British politician (born 1976)

Belinda Claire De Camborne Lucy (born 15 October 1976) is a British politician who was Reform UK's Education and Families spokesperson from 2023–2026. She was previously a Brexit Party Member of the European Parliament (MEP) for South East England from 2019 to 2020. In the European Parliament, she was a member of the Committee on Women's Rights and Gender Equality, and part of the delegation to the EU–Russia Parliamentary Cooperation Committee.

==Early life==
Belinda Claire De Camborne Lucy was born in Sheffield, South Yorkshire, on 15 October 1976. Her great-grandfather was Edward Selby Little, a missionary in China, and a co-founder of the resort town of Guling, Jiujiang.

==Political career==
In the 2016 United Kingdom European Union membership referendum de Lucy campaigned for Brexit with the Leave Means Leave and Ladies for Leave groups.
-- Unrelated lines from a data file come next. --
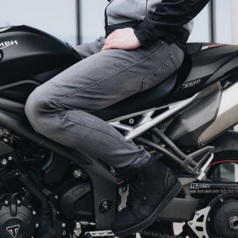 Jeansy motocyklowe Ozone Striker są dostępne w dwóch wariantach kroju – slimfit i regular – dzięki czemu pasują do wielu typów sylwetki. Dodatek elastanu zapewnia z kolei swobodę ruchów. Dzięki klasycznemu krojowi dobrze wyglądają z miejskimi kurtkami motocyklowymi – zarówno tekstylnymi, jak i skórzanymi. Bezpieczeństwo zapewniają ochraniacze kolan Flying Bats CE-level 2 i aramidowa podszewka sięgająca do połowy łydki. Jeansy Ozone Striker są więc trwałe, bezpieczne i odrobinę rozciągliwe, co poprawia komfort ich użytkowania.
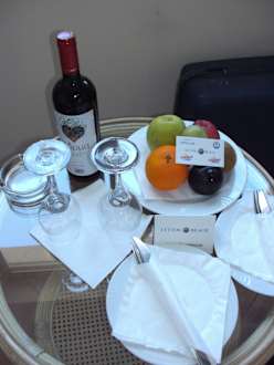 Begrüßungskorb: Wein und Obst
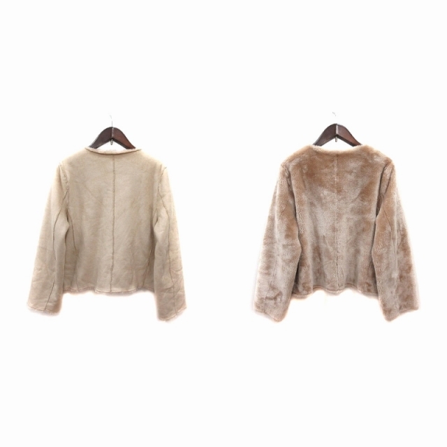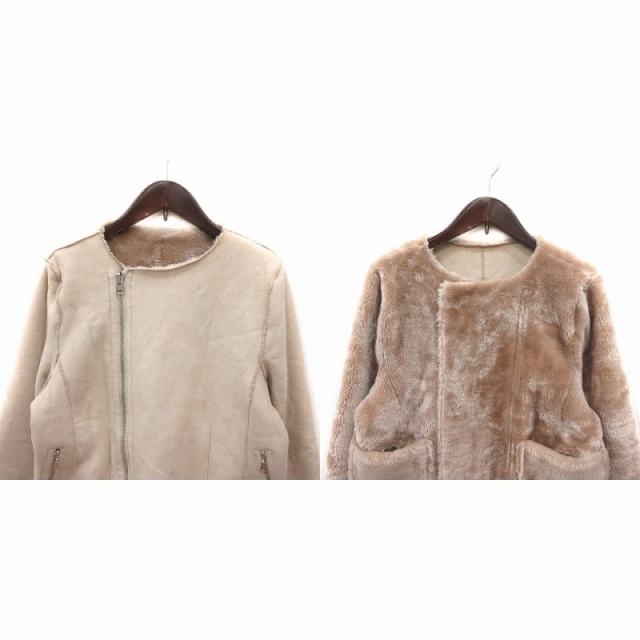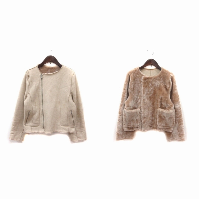 クイーンズコート QUEENS COURT ノーカラージャケット リバーシブル フェイクムートン フェイクファー ジップアップ 2 レディース
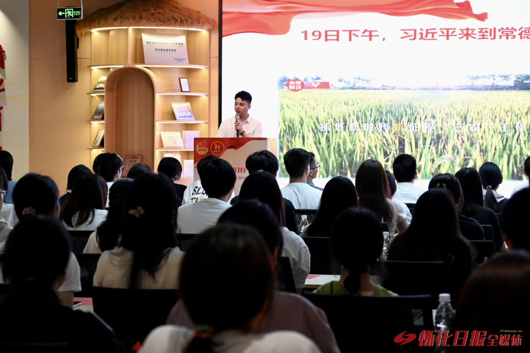 怀化市青年讲师团成员杨金围绕习近平总书记考察湖南的基本情况展开,详细阐释了习近平总书记考察湖南重要讲话和指示精神的主要内容和丰富内涵,切实把习近平总书记对湖南工作的高度重视、对湖南人民的深情厚爱传达到广大青年心中。并结合习近平总书记关于青年工作的重要思想,引导广大团员青年学习研读《习近平的七年知青岁月》,从习近平总书记的奋斗历程中汲取智慧和力量,成为强国复兴、挺膺担当的时代新人。
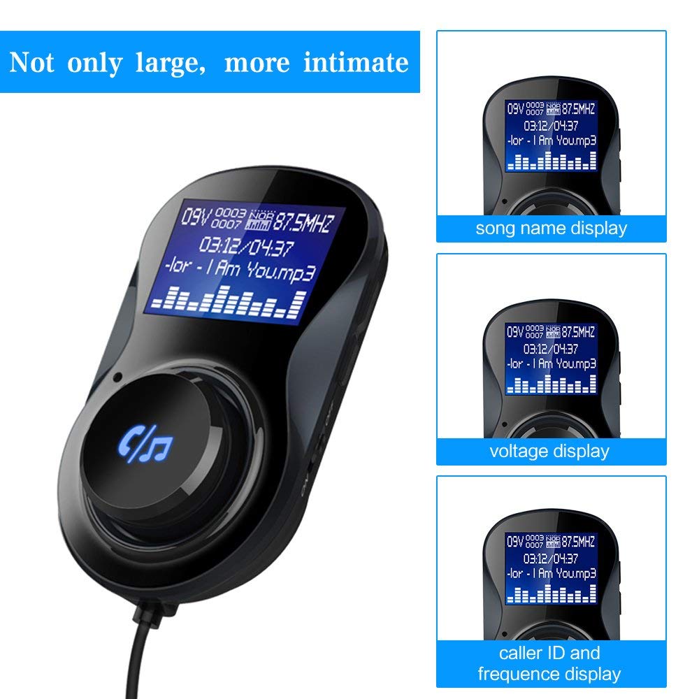 Super Clear Large Screen The 1.44 inches large screen will show incoming call number, voltage level in a car battery, volume, FM frequency and song name if you play music from TF card
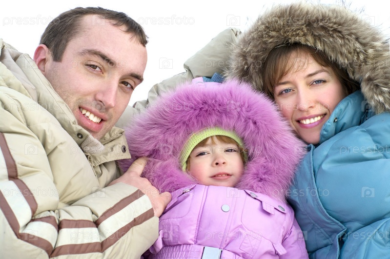 Счастливая молодая семья на улице зимой
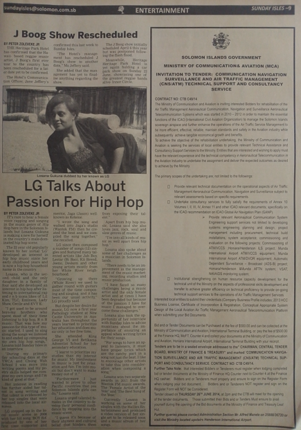 Newspaper: Sunday Isles Newspaper Issue Date: Sunday 8 June 2014 Issue No. 220 Page No. 9 (half page) Contract No. CTB C49/14
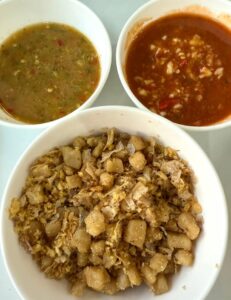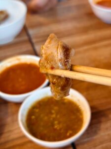 นี่คือจุดแรกที่ทำผมตกใจครับ น้ำจิ้มที่เสิร์ฟมาไม่ใช่น้ำจิ้มซีฟู้ดทั่วไป แต่เป็น น้ำจิ้มข่า สูตรเฉพาะของร้านที่มีกลิ่นข่าหอมชัดเจน รสกลมกล่อม ดึงรสหมูออกมาได้ดีทั้งแบบปิ้งและแบบต้ม คนมาครั้งแรกอาจงงนิดหน่อย แต่พอลองแล้วจะเข้าใจเลยว่าทำไมลูกค้าขาประจำถึงกลับมาซ้ำ — ผมซดน้ำจิ้มตรง ๆ แยกต่างหากเลยด้วยครับ

In the 2019 European parliamentary election she stood as a candidate for the Brexit Party in the South East England constituency. She was fourth on her party's list and was elected as one of its four MEPs in the constituency. In the European Parliament she was a member of the Committee on Women's Rights and Gender Equality, and part of the delegation to the EU–Russia Parliamentary Cooperation Committee.

In March 2023 de Lucy was appointed as Education and Families spokesperson for Reform UK (successor to the Brexit Party). She was replaced in this role by Suella Braverman in February 2026 following Braverman's defection to Reform UK from the Conservative Party the previous month.

==Personal life==
De Lucy is married to Raymond McKeeve and they have four children. McKeeve is a senior partner at corporate firm Dial Partners. He was a senior advisor at the legal firm Avonhurst, group chief transaction and legal officer at Cingo Global, and a part-time senior advisor and non-executive director at Azura Partners, and a private equity specialist and corporate finance partner at the law firm Jones Day. Avonhurst was set up by a former Jones Day partner in July 2019. McKeeve had left Jones Day in 2020 after being accused of contempt of court. The charge stemmed from his advice to one of the founders of Ocado to "burn" a messaging application after receiving a High Court search order in July 2019. He denied the charge but suggested that he had done so to protect his wife from potential litigation. McKeeve was subsequently fined £25,000 and ordered to pay a further £610,353 in legal costs to Ocado in October 2022 after being found guilty of contempt of court in August 2022.

De Lucy was a trustee of the charity Give Us Time, which was founded by former Secretary of State for Defence Liam Fox in 2012.